In Plato's "Parmenides" at one stage inclusion is casually used as a reflexive property to argue that the 'One' (everything that is) must be included in itself. Parmenides in the text even keeps going to make this argument geometric and talks abou the number of contacts of nested forms etc.

  • In Greek thought what are the arguments for or uses of properties or objects as included in themselves?
  • Are there modern thinkers that use this notion in a positive (synthetic) way?
  • Can you think of physical objects that are contained in themselves?

"One"" Ένα" does not mean "everything that is". One means one, "everything that is" is "all, whole" Όλο".

The one representing the whole is "everything that is". Written as One, "Εν". If one does not include itself, then there must be something else i.e. a secondary one, that is also a one but not the one that represents the whole. So one as a whole includes itself. This is the identity principle.

a. One is not an object. It is an idea.

b. Dialectics, everything derived from dialectics.

c. Every object, is contained in itself. This is the reason it can be described and distinguished as an object.

i.e. This is an object. This "an" really means "ένα", one. Included in itself.

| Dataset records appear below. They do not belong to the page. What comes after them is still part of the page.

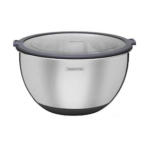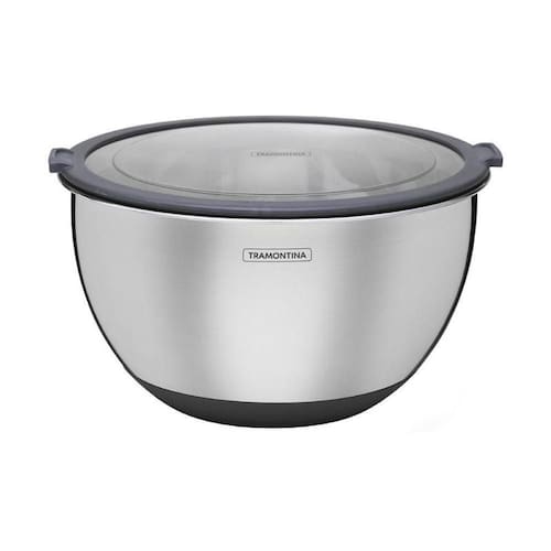 O bowl Tramontina Cucina em aço inox de 5 litros é ideal para quem precisa de espaço e praticidade na cozinha. Produzido em aço inoxidável, é resistente, higiênico e fácil de limpar, preservando os alimentos com . A tampa transparente com vedação hermética mantém o frescor por mais tempo e permite visualizar o conteúdo sem abrir. A base de silicone antiderrapante garante firmeza durante o uso, evitando deslizamentos na bancada. Com design empilhável, facilita a organização e aproveita melhor o espaço nos armários ou na geladeira. Perfeito para preparar, armazenar e servir com eficiência em grandes volumes.
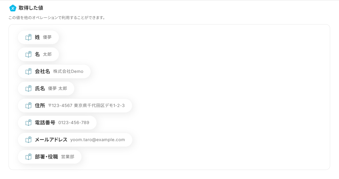 - 各項目に名刺PDFから抽出したデータを設定していきましょう。
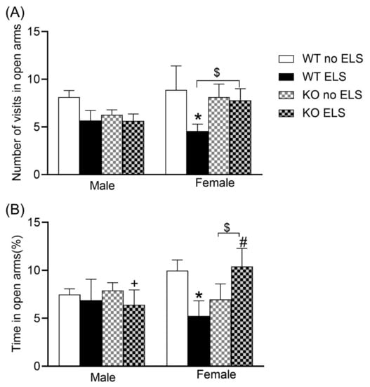 Effect of early life stress on WT and GPR37KO mice in elevated plus maze test. Frequency in open arms (A). Percent time spent in open arms (B). N/group: WT no-ELS male = 8, WT ELS male = 7, KO no-ELS male = 10, KO ELS male = 8, WT no-ELS female = 8, WT ELS female = 7, KO no-ELS female = 8 and KO ELS female = 9. All data represent mean ± SEM. * p < 0.05 treatment difference within genotype; # p < 0.05 versus corresponding WT; + p < 0.05 with respect to sex; $ p > 0.05 < 0.1 calculated by three-way ANOVA followed by multiple comparisons using the two-stage linear step-up procedure of Benjamini, Krieger and Yekutieli. WT = Wild Type, KO = Knockout, ELS = Early Life Stress.

  • c. Every object is, but it is not contained within itself. Inclusion is a property of either parts or space (within). To use the statement like that renders the word meaningless. a. While it seems you cite the authority in (c) you do not cite their argument. Why is something needed to be included inside itself?
    – foivos
    Jul 26 '16 at 23:09
  • In modern thinking yes, but ultimately, "space" is an idea, objects having place in space are "relations of ideas". In old philosophy people like Permenides had to figure how thoughts are related to the world. Modern way to understand "reality", the objects really being "out there" is not something that can be taken without consideration of the philosophical processes that have preceded. In classical philosophy an object is something that is opposed to the subject (I, the thinker, having ideas, and "there" opposite to me, the world, ideas about the "outer" world are objects.
    – John Am
    Jul 26 '16 at 23:21
  • "Why is something needed to be included inside itself". Otherwise we could not be able to speak or think about it. Try to understand the term included as "full". A notion is full-in itself. An idea is a vessel and the content of an idea is the water.
    – John Am
    Jul 26 '16 at 23:46
  • Full, πλήρες. Πληρώνω "pay". Something has a value. I pay the exact value. I can fill a glass with water until it is full. The amount of water equals the capacity of the glass. When something's content is equal to the size of it , it is full. So the One is full-in itself, "contained in itself" because the content "everything" is equal in size with the capacity of the notion of the One. (don't forget the mystical tones, the One in Parmenides is a synonym with god and the ability of the mind to grasp the world gave off a "divine" legacy of the spirit)
    – John Am
    Jul 26 '16 at 23:55
  • What is "water"?. How we distinguish water from other material? This fullfillness of everything that can be distinguished is the principle of identity.
    – John Am
    Jul 27 '16 at 0:09

Aristotles book on Metaphysics may be useful as it considers the questions of parts, wholes and changes; these are obviously questions that are in a direct line of descent from Parmenides.

For example, Aristotle points out that anything that lacks parts cannot change.

In one line of argument, the Parmenidian One lacks parts, and this is why it lacks change; it is changeless and motionless.

In another line of argument, the whole being whole must contain itself; in modern set theory this results in Russell's paradox and so it is judiciously banned; notably too, there is no universal set; however there is an paraconsistent form of set theory that does allow this, and it turns out that the union of all such sets - sets that contain themselves - is the universal set.